Als am Morgen des 15. September 2008 die Pleite der Investmentbank Lehman Brothers die Finanzwelt erschüttert, ahnt James Peck nicht, was auf ihn zukommt. Kurz darauf wird er Insolvenzrichter von Lehman und steht im Epizentrum der ­Finanzkrise. Wenige Tage nach dem Zusammenbruch genehmigt er ­inmitten panischer Börsen den Notverkauf von Lehmans US-Geschäft. 2011 handelt er mit den Gläubigern einen Liquidierungsplan aus, kann nach und nach 80 Milliarden Dollar an sie auszahlen - angesichts der 600 Milliarden Dollar Schulden von Lehman hatte das niemand für möglich gehalten. Heute kann Peck entspannt zurückblicken auf seine Zeit als Lehman-Abwickler, die ihn zahllose Nacht- und Wochenendschichten kostete und mit 42 000 Aktenein­trägen dokumentiert ist. Beim Interview in einem Hotel in Frankfurt gibt er sich bescheiden. Während er leise und überlegt spricht, lässt sich erahnen, wie er in jenen Stunden als Ruhepol im Lehman-Chaos wirkte. Doch dann merkt man, wie auch ihm die Verantwortung als oberster Abwickler zu schaffen machte.
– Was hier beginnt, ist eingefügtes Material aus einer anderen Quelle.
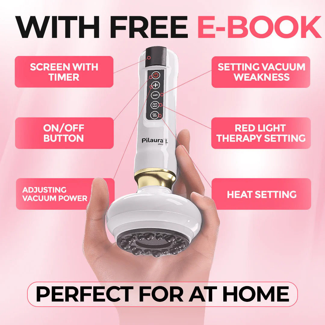 It uses a synergy of red light therapy, infrared heat, adjustable suction, and scraping massage techniques — proven methods for reducing cellulite and improving skin elasticity.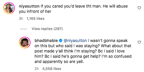 “I wasn’t gonna speak on this but who said I was staying? What about that post made y’all think I’m staying? Bc I said I love him? Bc I said he’s gonna get help? I’m so confused and apparently so are yall.”

€uro am Sonntag: Herr Peck, als Insolvenzrichter von Lehman betreuten Sie die größte Bankenpleite der USA. Wie war es, die Krise im Maschinenraum zu erleben?
James Peck: Lehman war ein sehr emotionaler Fall. Er begann ohne jegliche Planung - anders als bei den Insolvenzen von American Airlines oder General Motors. Die Pleite kam unerwartet und war noch dazu ­erdrückend im Ausmaß. Lehman schickte Schockwellen durch das globale Finanzsystem. Für alle, die im Epizentrum dieses Erdbebens standen, war dies eines der denkwürdigsten Ereignisse ihres Lebens. Es ist einer dieser Momente, an die man sich noch Jahre später erinnert. Wo warst du, als John F. Kennedy ­ermordet wurde? Was hast du gerade getan, als du von den Anschlägen vom 11. September gehört hast? In der Finanzwelt war Lehman ein ähnlich bedeutendes Ereignis.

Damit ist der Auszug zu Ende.